I have following dataframe in R, with duplicated records I need to set as TRUE/FALSE in a new column:
library(tidyverse)
test_data <- data.frame(
origin_country = c('US', 'US', 'BR', 'CN'),
destin_country = c('DE', 'DE', 'UK', 'IT'),
year = c(2020, 2020, 2019, 2019),
item = c('wheat', 'wheat', 'wheat', 'rice'),
value = c(2000, 2000, 3000, 2500))
The result should look like this:
expected_answer <- data.frame(
origin_country = c('US', 'US', 'BR', 'CN'),
destin_country = c('DE', 'DE', 'UK', 'IT'),
year = c(2020, 2020, 2019, 2019),
item = c(wheat, wheat, wheat, rice),
value = c(2000, 2000, 3000, 2500),
duplicated_record = c(TRUE, TRUE, FALSE, FALSE))
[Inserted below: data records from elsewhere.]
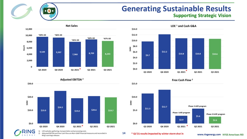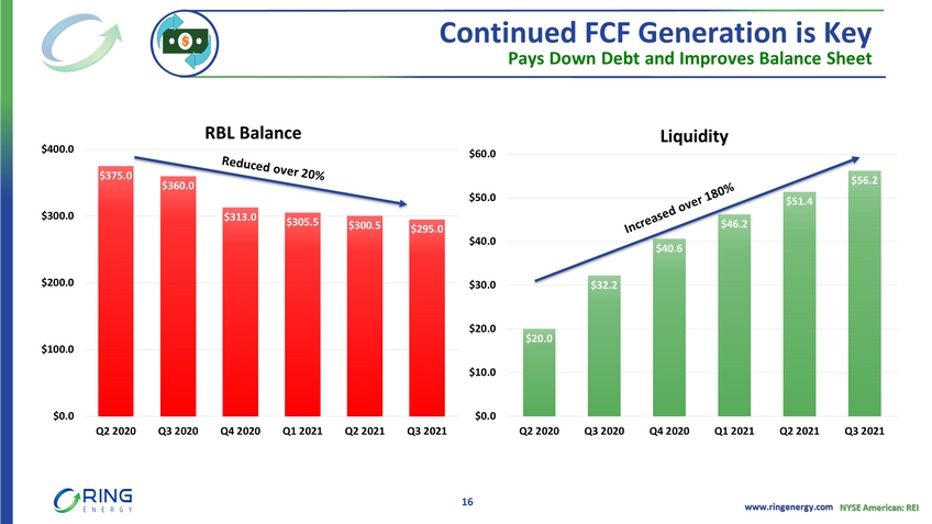 www.ringenergy.com NYSE American: REI Historical Metrics Quarterly Analysis of FCF 1 $MM Q3 2020 Q4 2020 Q1 2021 Q2 2021 Q3 2021 Adj EBITDA 1 $19.9 $24.5 $19.0 $20.6 $19.7 Capital - $4.3 - $7.8 - $14.5 - $11.5 - $13.7 Interest Exp. 2 - $4.3 - $4.0 - $3.6 - $3.5 - $3.4 Proceeds from Divestiture $2.0 Free Cash Flow 1 $11.3 $12.7 $2.9 $5.6 $2.6 15 $19.9 $24.5 $19.0 $20.6 $19.7 - $4.3 - $7.8 - $14.5 - $11.5 - $13.7 - $4.3 - $4.0 - $3.6 - $3.5 - $3.4 $11.3 $12.7 $2.9 $5.6 $2.6 -$30.0 -$20.0 -$10.0 $0.0 $10.0 $20.0 $30.0 Q3 2020 Q4 2020 Q1 2021 Q2 2021 Q3 2021 EBITDA/ Capital / Int Exp Adj EBITDA $MM Capital $MM Interest Exp $MM Proceeds from Divestiture $MM Free Cash Flow $MM ▪ Disciplined capital spending ▪ Prioritizing FCF generation ▪ Unrelenting goal to strengthen the balance sheet 1) Adjusted EBITDA and Free Cash Flow are Non - GAAP financial measures and reconciled in Ring’s earnings releases 2) Excludes amortization of deferred financing costs
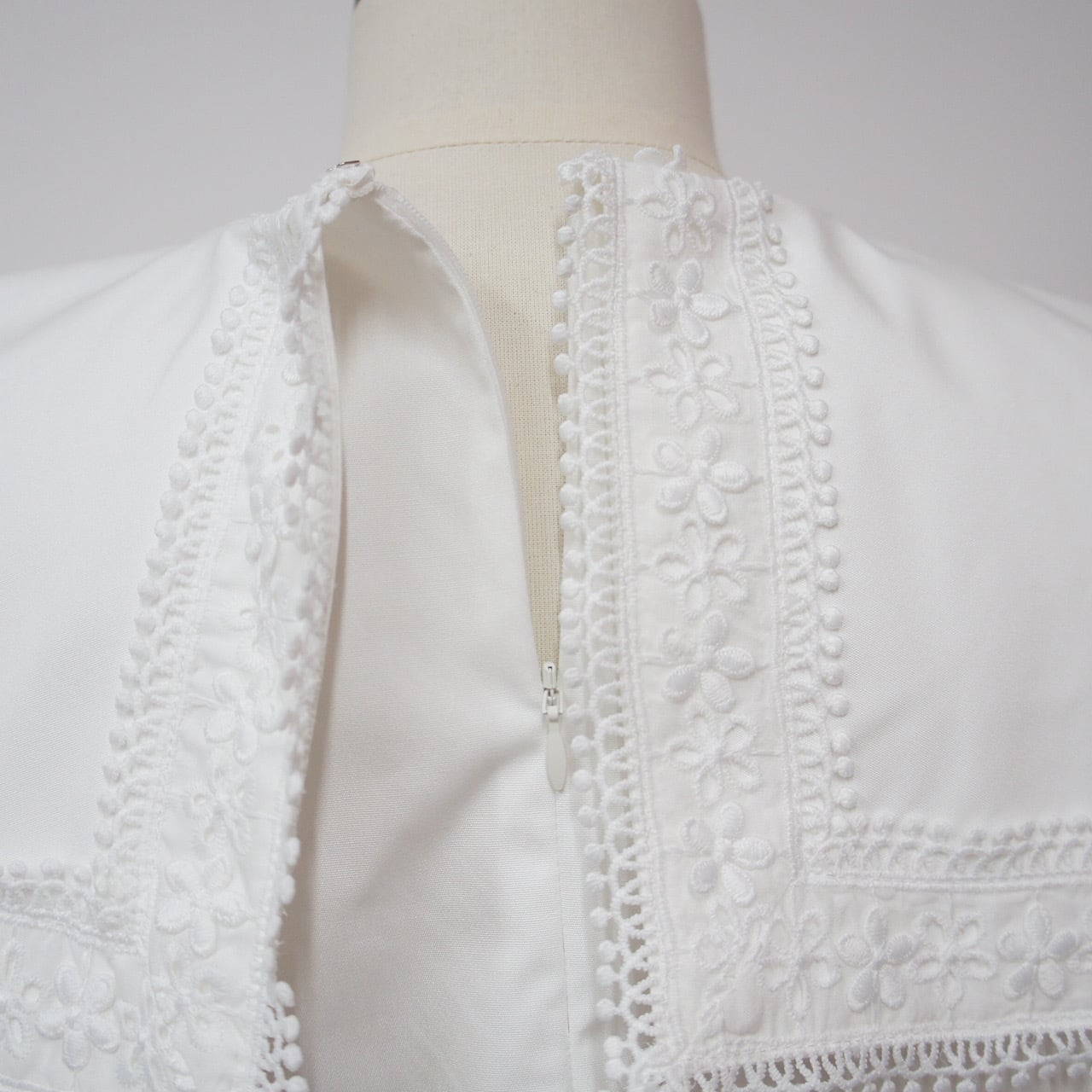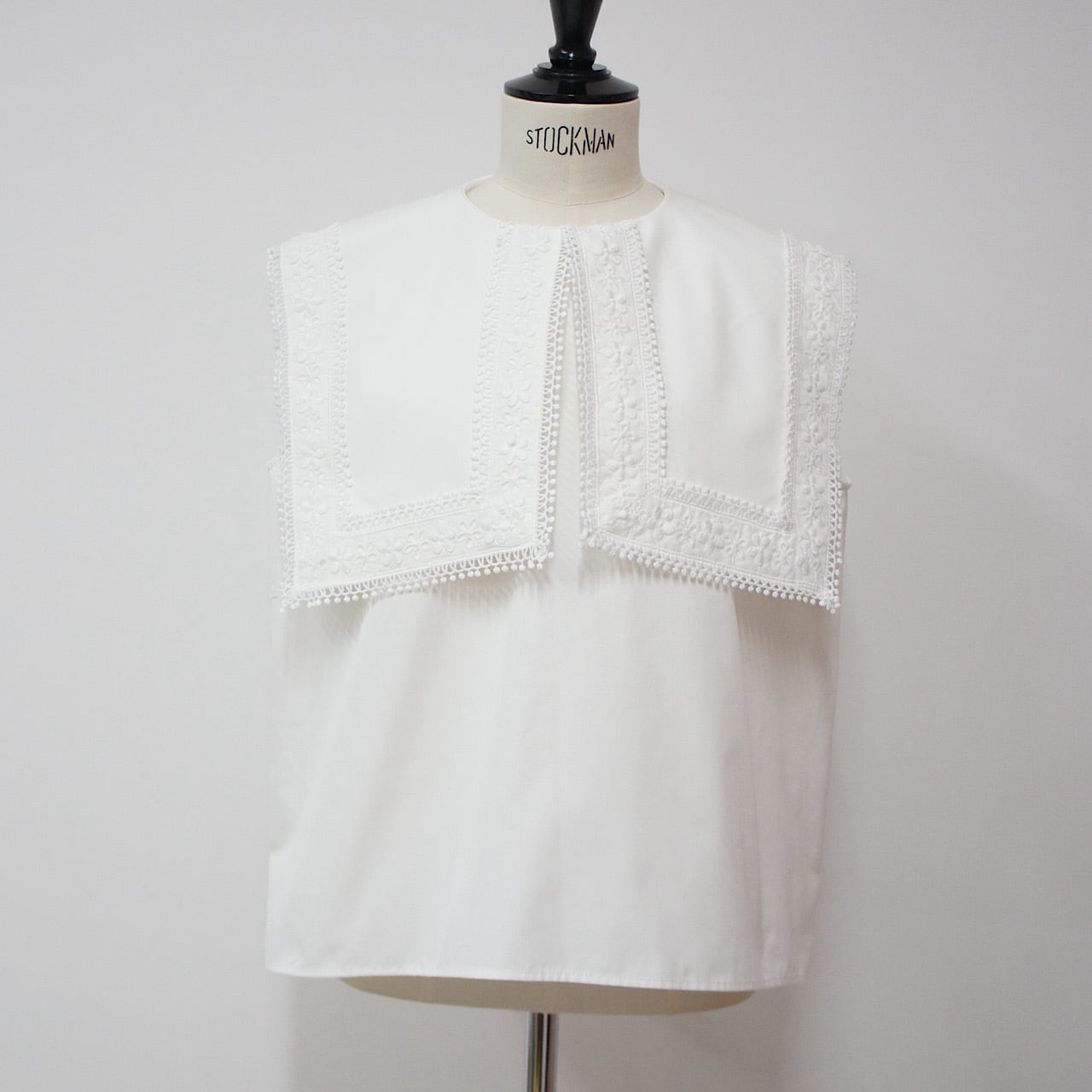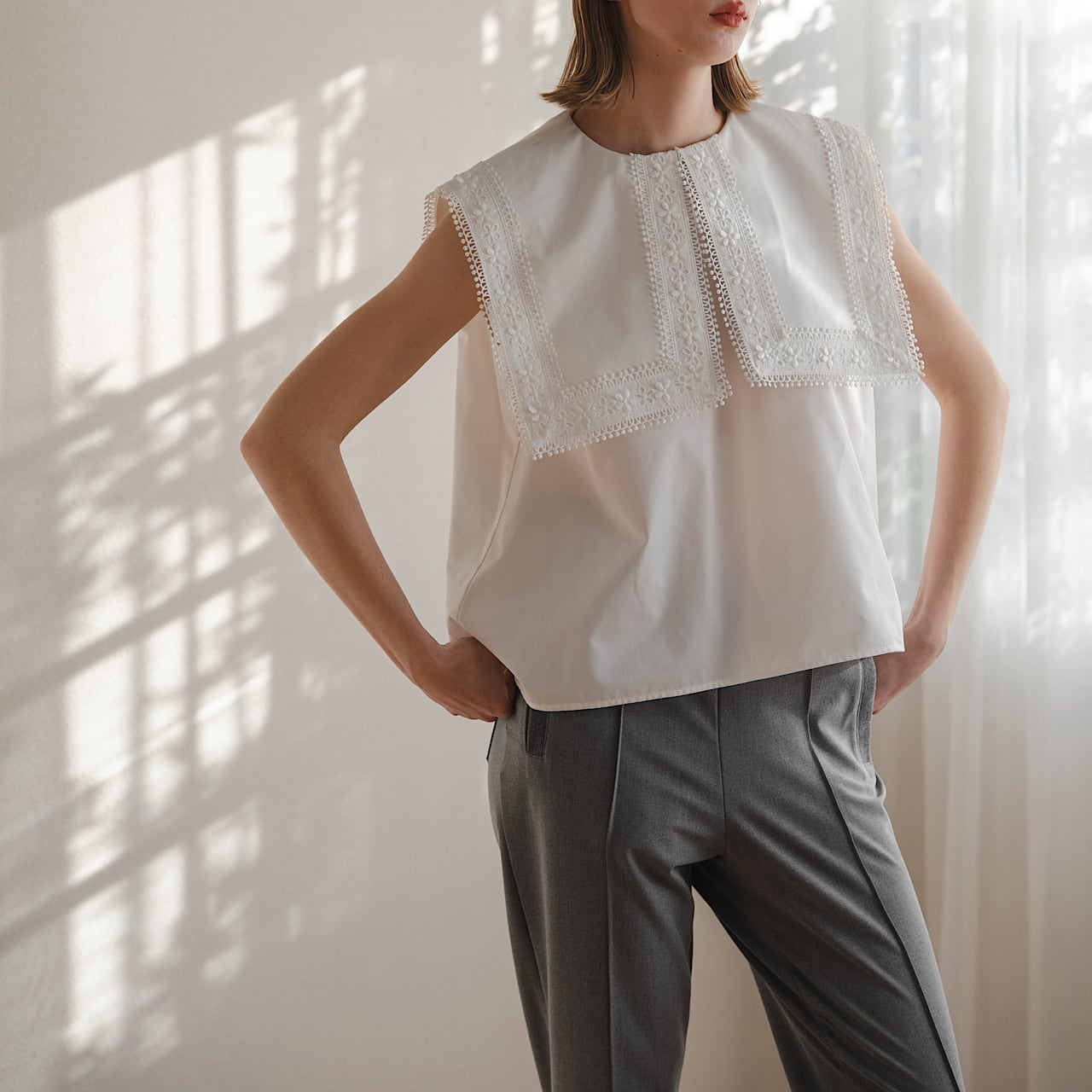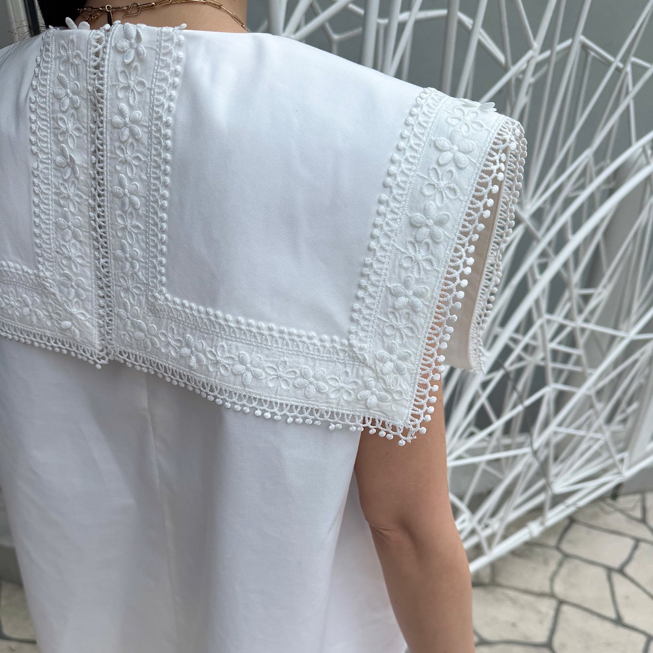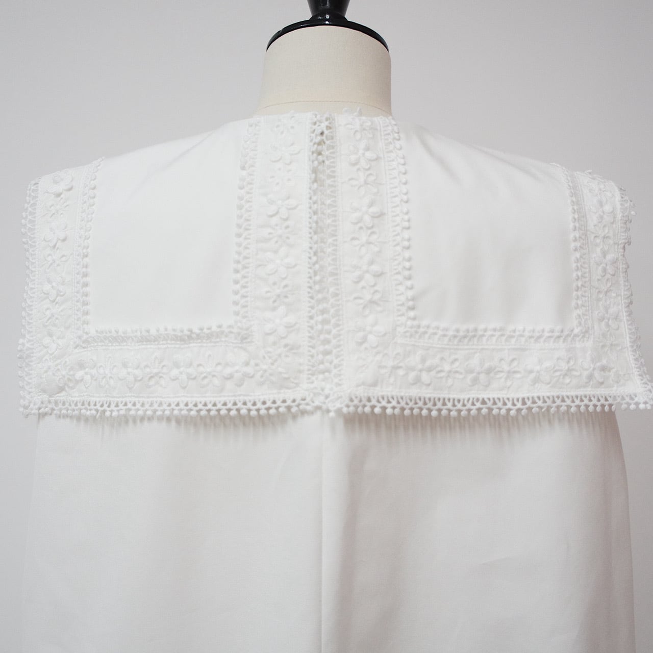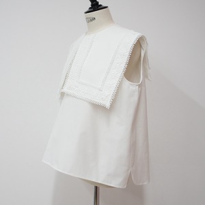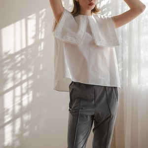 存在感のあるスクエアカラーに繊細なフラワーレースをたっぷりとあしらった一枚。
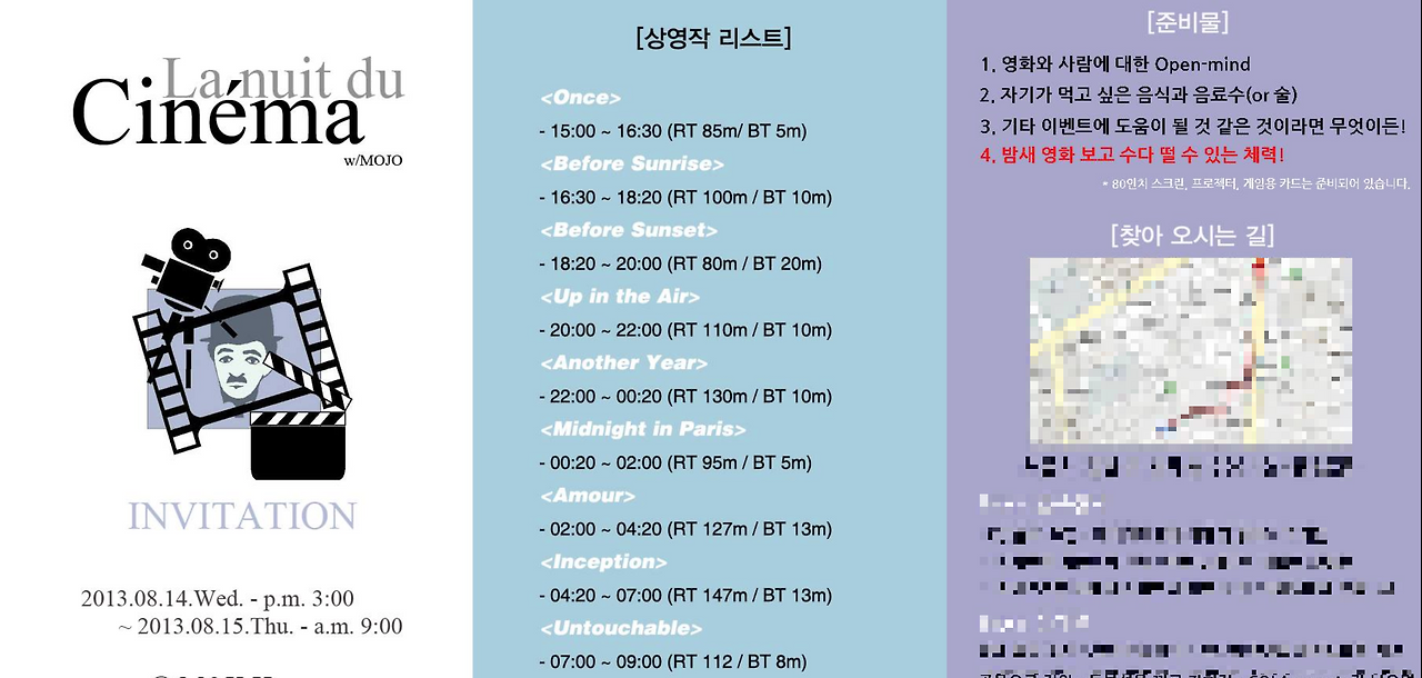 다들 잘 아시겠지만, 시험기간만 되면 공부는 안되고 이상하게 Creative 하고 재밌는 생각들이 마구 떠오릅니다. 적어도 그 순간에는 그게 제일 재밌는 생각이라 굳게 믿죠. 그때가 그랬습니다. 시험공부는 하기 싫고, 그냥 흰색 벽이 있는 방을 하나 빌려 하루 종일 영화나 보고 싶더라고요. 그래서 언젠가 해봐야지라는 생각으로 SNS에 그 생각을 올렸죠. 근데 생각보다 그런 하루를 꿈꾸는 사람들이 많더라고요. 그때, 이거 재밌겠다는 생각이 들었고, 마침내 생일이 공휴일이니 전날부터 밤새 영화를 보더라도 문제가 없겠다 싶었죠. 그래서 한 번 해보기로 했어요. 많은 분들의 도움을 받아 판을 짜고, 하나하나 준비했습니다. 그리고 마침내 지인이 운영 중인 게스트 하우스에서 2013년 8월 14일 오후 3시부터 8월 15일 아침 9시까지 보고 싶은 영화를 주야장천 보는 무비나잇을 열었습니다.
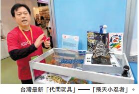 臺灣玩具公會今年繼續與臺灣經濟部國際貿易局合作籌組「臺灣形象專區」。區內增設「代間玩具」,展出同時適合小孩和老人的益智互動玩具,例如「飛天小忍者」通過按壓彈弓小忍者彈入紙城堡區內取分,從中鍛煉老人和小童的手部運動,又如「腳踏鈴」方便長者和小童用手或腳,跟隨顏色而奏出音樂。有玩具商指出,「代間玩具」正在臺灣興起,一套名為「挪亞方舟」推出一年,賣出1.5萬套,游戲設計玩者要把25種的動物放在仿如天秤的方舟,左右輕放,若失去平衡便全部跌倒。他說,香港的「挪亞方舟」主題公園曾有代售此玩具。

I tried mutate with a case_when, but I get all values TRUE, while the last two values should be FALSE
test_data <- mutate(test_data, duplicated_record = case_when(
test_data$origin_country == test_data$origin_country & test_data$destin_country == test_data$destin_country & test_data$year == test_data$year & test_data$item == test_data$item ~ TRUE,
TRUE ~ FALSE
))
view(test_data)
Comparing across rows proved beyond my reach, any ideas? Thanks in advance!